Data in this exercise
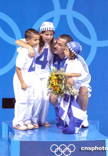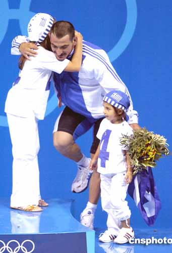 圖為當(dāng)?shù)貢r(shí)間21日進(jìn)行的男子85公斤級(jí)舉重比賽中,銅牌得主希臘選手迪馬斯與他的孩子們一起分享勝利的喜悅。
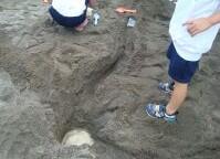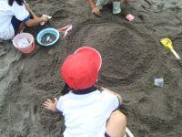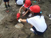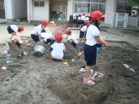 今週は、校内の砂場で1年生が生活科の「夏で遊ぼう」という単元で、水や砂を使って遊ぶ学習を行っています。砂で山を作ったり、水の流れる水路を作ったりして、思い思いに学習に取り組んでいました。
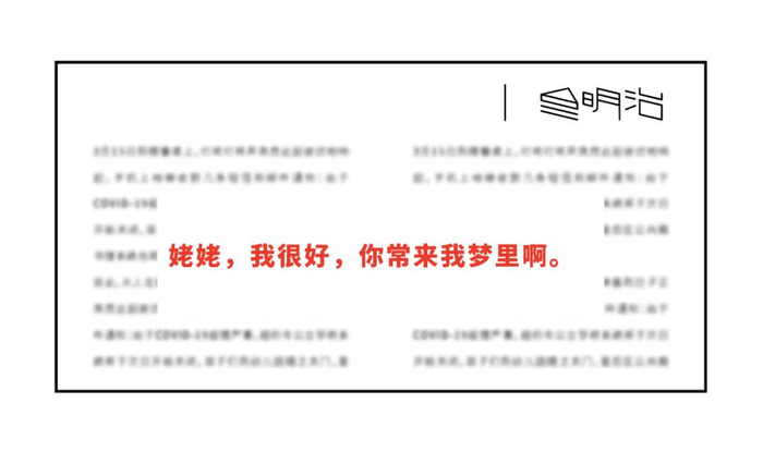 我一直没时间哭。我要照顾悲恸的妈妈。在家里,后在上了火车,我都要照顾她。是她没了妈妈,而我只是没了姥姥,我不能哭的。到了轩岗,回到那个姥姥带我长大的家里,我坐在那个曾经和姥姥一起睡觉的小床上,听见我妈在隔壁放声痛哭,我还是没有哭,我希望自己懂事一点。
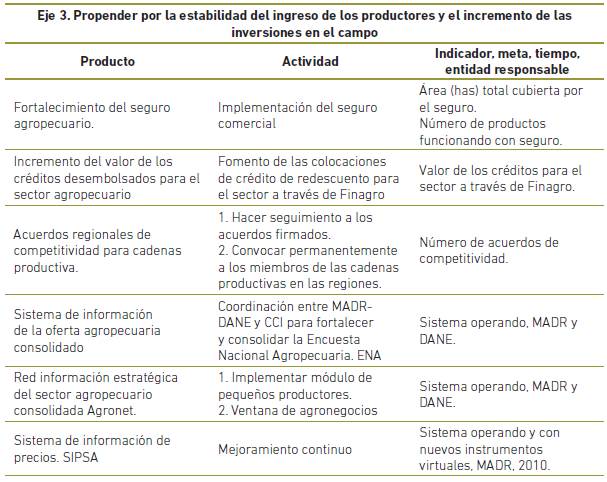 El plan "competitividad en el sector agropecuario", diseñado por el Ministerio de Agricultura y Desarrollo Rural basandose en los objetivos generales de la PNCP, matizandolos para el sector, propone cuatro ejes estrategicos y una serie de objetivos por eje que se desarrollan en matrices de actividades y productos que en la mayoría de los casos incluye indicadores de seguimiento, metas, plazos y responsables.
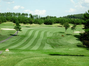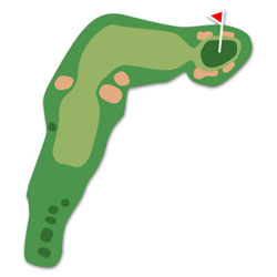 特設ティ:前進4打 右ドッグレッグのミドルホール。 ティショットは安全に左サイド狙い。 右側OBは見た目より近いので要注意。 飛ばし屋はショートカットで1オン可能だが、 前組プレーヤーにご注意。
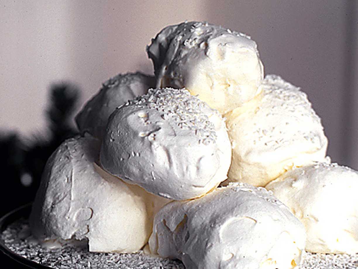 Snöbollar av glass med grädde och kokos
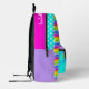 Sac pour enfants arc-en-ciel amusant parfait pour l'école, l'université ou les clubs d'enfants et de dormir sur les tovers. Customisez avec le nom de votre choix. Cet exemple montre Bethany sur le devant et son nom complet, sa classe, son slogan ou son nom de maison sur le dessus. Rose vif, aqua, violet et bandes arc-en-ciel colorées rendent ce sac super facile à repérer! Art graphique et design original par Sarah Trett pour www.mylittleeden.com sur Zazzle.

* * *

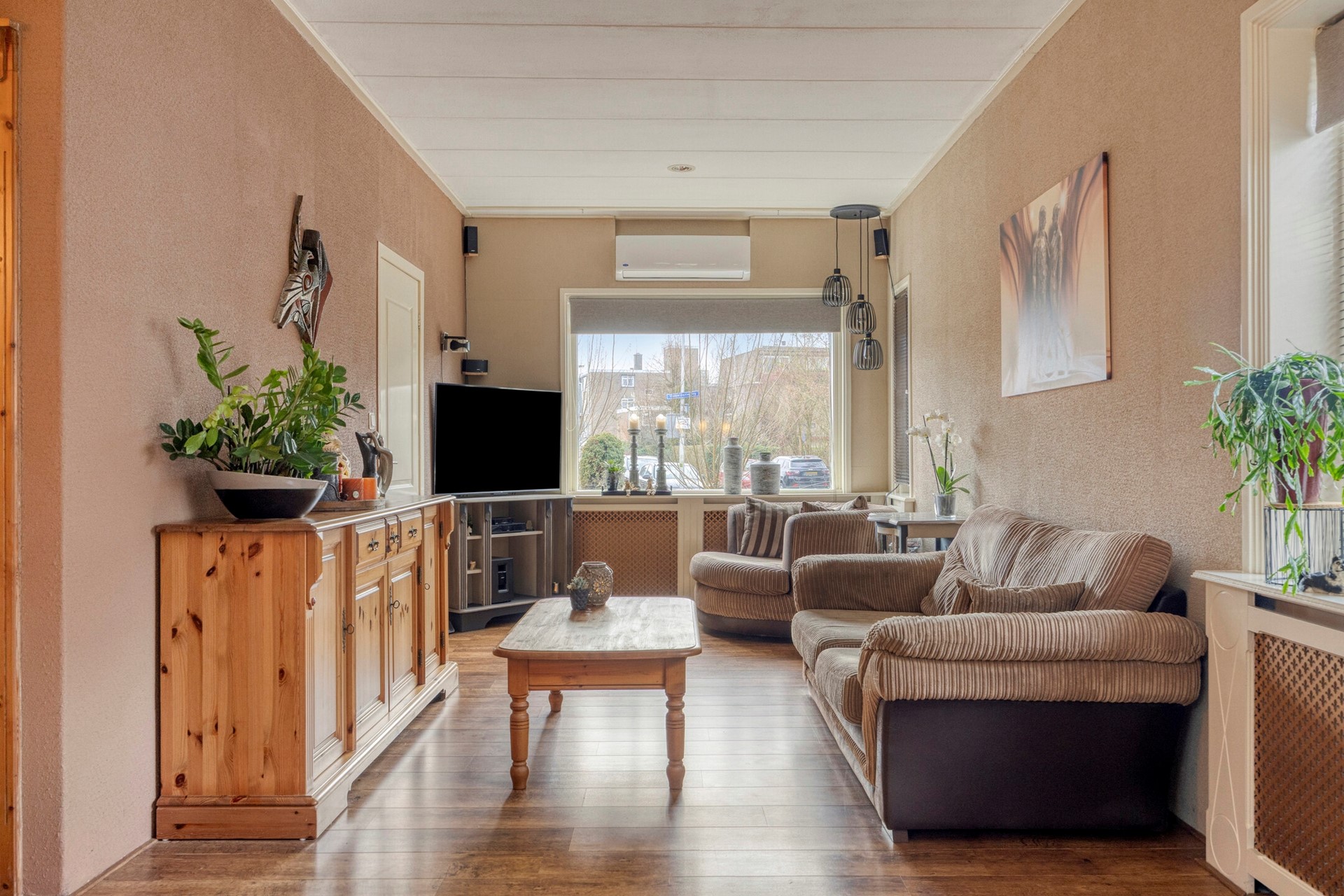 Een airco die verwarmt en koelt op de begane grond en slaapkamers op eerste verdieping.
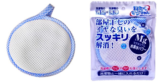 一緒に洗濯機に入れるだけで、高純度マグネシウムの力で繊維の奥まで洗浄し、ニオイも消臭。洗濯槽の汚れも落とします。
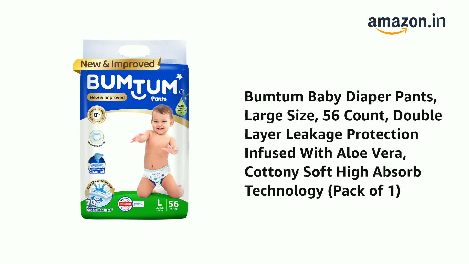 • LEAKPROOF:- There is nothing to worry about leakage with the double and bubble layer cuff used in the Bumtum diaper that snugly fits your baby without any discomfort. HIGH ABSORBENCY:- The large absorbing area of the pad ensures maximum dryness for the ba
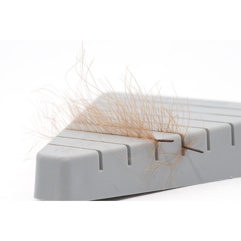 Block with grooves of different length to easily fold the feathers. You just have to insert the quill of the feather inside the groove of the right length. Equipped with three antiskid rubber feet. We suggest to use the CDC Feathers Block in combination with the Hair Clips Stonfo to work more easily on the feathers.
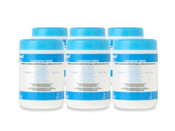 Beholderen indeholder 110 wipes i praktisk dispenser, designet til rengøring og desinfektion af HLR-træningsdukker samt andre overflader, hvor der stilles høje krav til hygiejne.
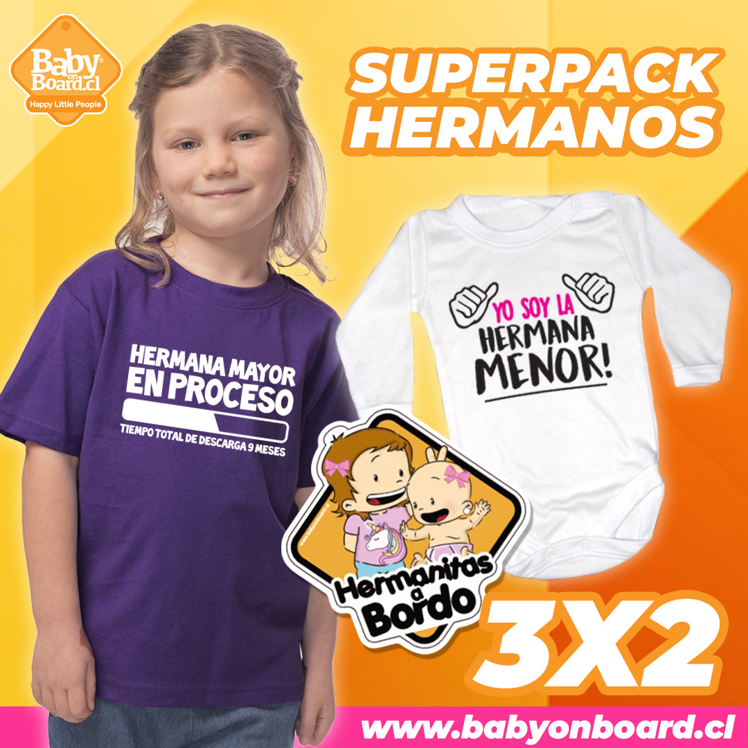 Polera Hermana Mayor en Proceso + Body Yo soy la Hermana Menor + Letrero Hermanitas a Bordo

Work request
Starting with the line above that holds "今週は、校内の砂場で1年生が", restate each line word for word up to and including the line that holds "Sac pour enfants". Drop the pictures.

Result for this task
 今週は、校内の砂場で1年生が生活科の「夏で遊ぼう」という単元で、水や砂を使って遊ぶ学習を行っています。砂で山を作ったり、水の流れる水路を作ったりして、思い思いに学習に取り組んでいました。
 我一直没时间哭。我要照顾悲恸的妈妈。在家里,后在上了火车,我都要照顾她。是她没了妈妈,而我只是没了姥姥,我不能哭的。到了轩岗,回到那个姥姥带我长大的家里,我坐在那个曾经和姥姥一起睡觉的小床上,听见我妈在隔壁放声痛哭,我还是没有哭,我希望自己懂事一点。
 El plan "competitividad en el sector agropecuario", diseñado por el Ministerio de Agricultura y Desarrollo Rural basandose en los objetivos generales de la PNCP, matizandolos para el sector, propone cuatro ejes estrategicos y una serie de objetivos por eje que se desarrollan en matrices de actividades y productos que en la mayoría de los casos incluye indicadores de seguimiento, metas, plazos y responsables.
 特設ティ:前進4打 右ドッグレッグのミドルホール。 ティショットは安全に左サイド狙い。 右側OBは見た目より近いので要注意。 飛ばし屋はショートカットで1オン可能だが、 前組プレーヤーにご注意。
 Snöbollar av glass med grädde och kokos
 Sac pour enfants arc-en-ciel amusant parfait pour l'école, l'université ou les clubs d'enfants et de dormir sur les tovers. Customisez avec le nom de votre choix. Cet exemple montre Bethany sur le devant et son nom complet, sa classe, son slogan ou son nom de maison sur le dessus. Rose vif, aqua, violet et bandes arc-en-ciel colorées rendent ce sac super facile à repérer! Art graphique et design original par Sarah Trett pour www.mylittleeden.com sur Zazzle.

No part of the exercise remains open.